In a public comment letter, Paragon’s Brian Blase lays out the case against a “fix” for the so-called Affordable Care Act (ACA) family glitch. See the full letter below:
The letter is addressed to Secretary of the Treasury Janet Yellen and Internal Revenue Service Commissioner Charles P. Rettig. The letter lays out a few reasons the proposed rule should not be finalized, including:
- The IRS must enforce the law and must remain immune to political influence.
- If finalized, the proposed rule would harm many people and entities, including families, taxpayers, and states.
- Finalizing the rule would damage the IRS because “it would prove that [the agency] can be pressured to kowtow to a White House that is willing to violate laws enacted by Congress, resulting in increased public distrust and necessary congressional oversight to prevent the agency from further politicizing its enforcement powers.”
- The proposed rule lacks a quantitative cost-benefit analysis, breaking from administrative norms, deceiving the public, and likely violating a second law.
Dr. Blase’s letter follows one that he signed along with 35 other notable scholars.

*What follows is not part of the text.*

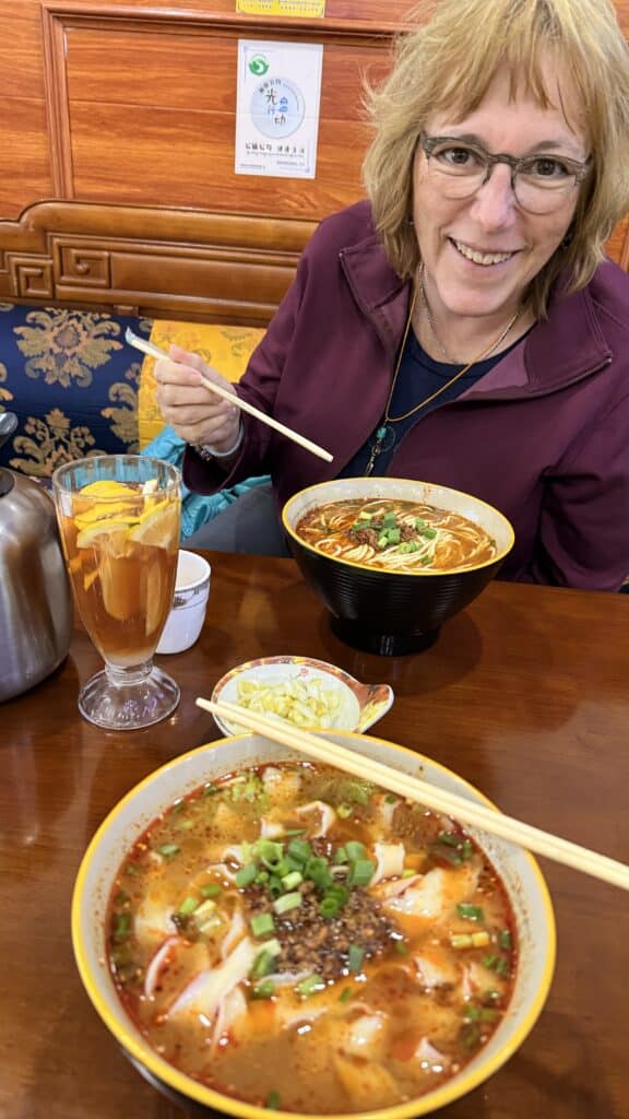 Zur Stärkung gehts in ein tibetisches Restaurant wo alle Touristen hingehen. Nichts desto trotz war es sehr lecker Nudelsuppe mit Yakfleisch.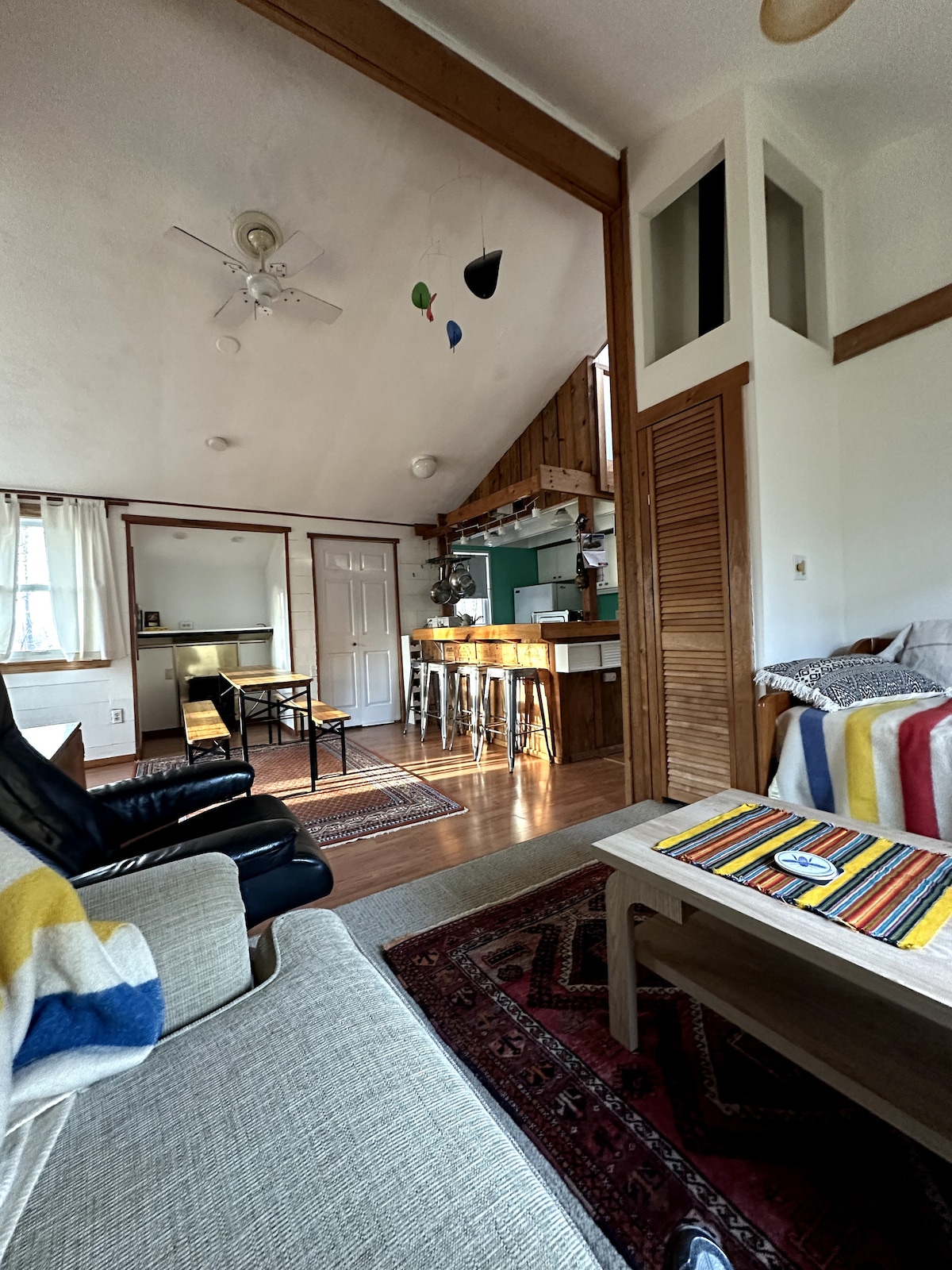 Cute, Cozy & Charming, our rustic, Studio Cabin is on 5 private acres near scenic Gale Meadows Pond. We are close to Stratton, Bromley & Manchester and you’ll enjoy beautiful scenery & hiking right outside your front door. The Cabin has an open floor plan with a full bath, galley kitchen & dining/living area with pullout futon couch that converts into a 2nd bed. The sleeping loft is accessible by ladder. Our place is a great fit for couples and solo adventurers looking to get away from it all!

Other signatories include Al Hubbard, the former director of the National Economic Council; Tomas Philipson, the former chairman of the Council of Economic Advisers; Diane Black, the former chairman of the U.S. House Budget Committee; Tom Barker, former acting general counsel at the Department of Health and Human Services (HHS); Joe Grogan, the former Health Program Associate Director at the Office of Management and Budget; and Paul Mango, the former Deputy Chief of Staff for Policy at HHS.